Extracted data entries:
◆ ◆ ◆ ◆ ◆

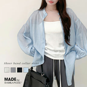 [関連ワード] 商品関連:シアーシャツ バンドカラーシャツ ボリューム袖 長袖シャツ レディース シャツブラウス ゆったりサイズ 体型カバー トップス レディース 春夏 トップス スリット入り 韓国ファッション風 透け感 シャツ シャツ オーバーサイズ 透け感 日焼け対策 冷房対策 20代 30代 40代 50代 おしゃれ お洒落 オシャレ かわいい 可愛い カワイイ ダークエンジェル だーくえんじぇる darkangel Dark Angel DARK ANGEL カラー展開: ブラック アイボリー グレー ライトブルー サイズ展開: FREE
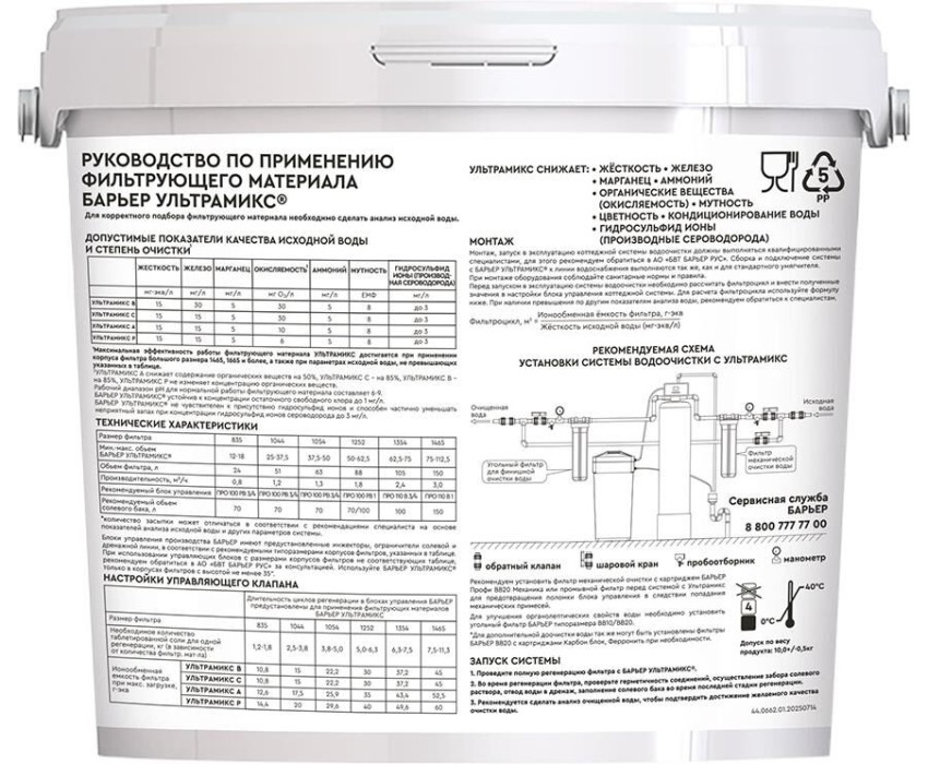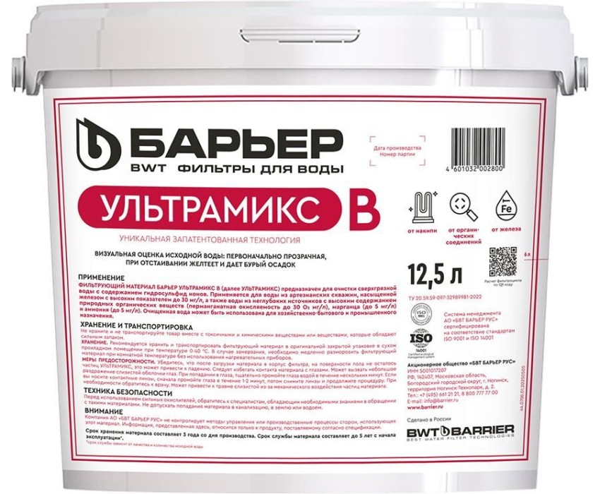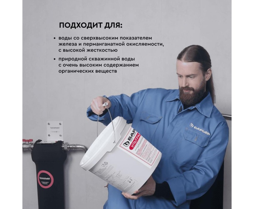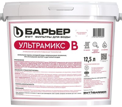 Фильтрующий материал БАРЬЕР С211303 БАРЬЕР ULTRAMIX B, 12,5 л Применяется для очистки воды со сверх-высоким содержанием железа, жесткости, марганца и высокой перманганатной окисляемостью, в составе коттеджных систем
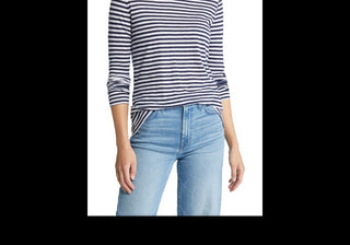 Camiseta feminina Caslon azul marinho e branca com listras Brooke e manga comprida, tamanho médio
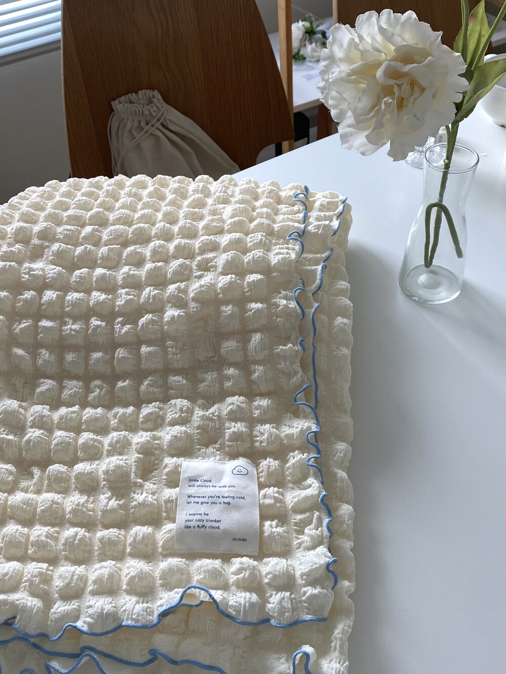 파란 하늘을 연상시키는 파란색 실로 마감한 여름 이불입니다.
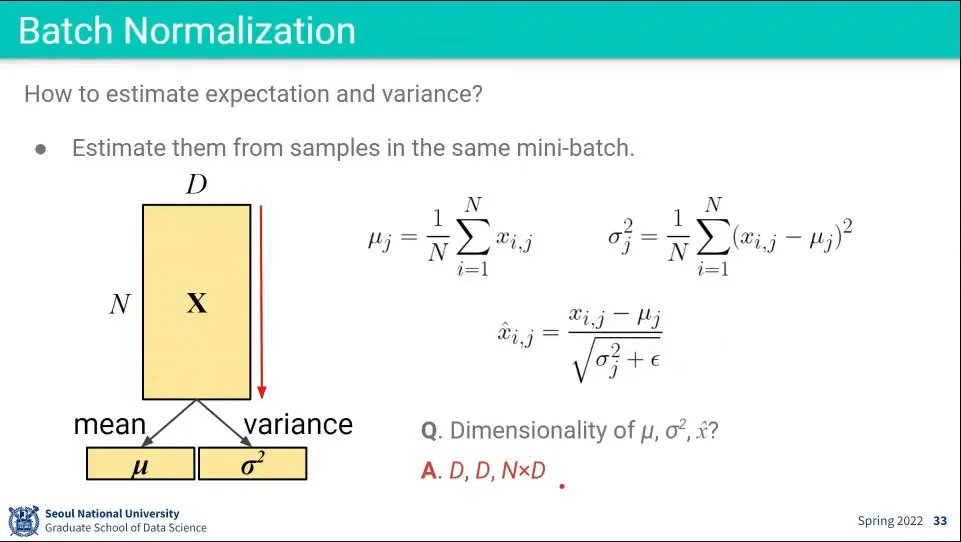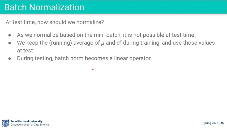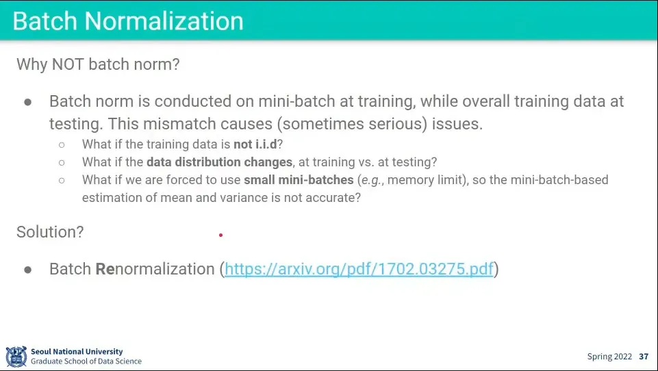 또한 만일 학습 데이터 자체가 큰 경우 mini batch 크기가 작아질 수 밖에 없는데 —메모리 크기의 한계로— 그런 경우 그 mini batch에서의 평균과 분산이 전체 데이터를 얼마나 잘 반영할 수 있느냐는 확신할 수 없음.
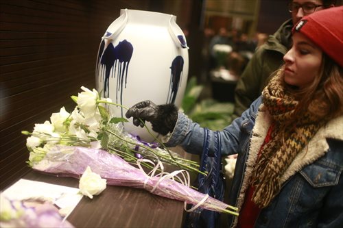 A woman places flowers in the French Embassy in Beijing on November 16, 2015. Photo: Li Hao/GT

◆ ◆ ◆ ◆ ◆

[Exercise goal] Retype exactly the lines from the one containing "Фильтрующий материал БАРЬЕР" through the last line of the records above, both included, and leave out any pictures.

[Solution to the exercise]
 Фильтрующий материал БАРЬЕР С211303 БАРЬЕР ULTRAMIX B, 12,5 л Применяется для очистки воды со сверх-высоким содержанием железа, жесткости, марганца и высокой перманганатной окисляемостью, в составе коттеджных систем
 Camiseta feminina Caslon azul marinho e branca com listras Brooke e manga comprida, tamanho médio
 파란 하늘을 연상시키는 파란색 실로 마감한 여름 이불입니다.
 또한 만일 학습 데이터 자체가 큰 경우 mini batch 크기가 작아질 수 밖에 없는데 —메모리 크기의 한계로— 그런 경우 그 mini batch에서의 평균과 분산이 전체 데이터를 얼마나 잘 반영할 수 있느냐는 확신할 수 없음.
 A woman places flowers in the French Embassy in Beijing on November 16, 2015. Photo: Li Hao/GT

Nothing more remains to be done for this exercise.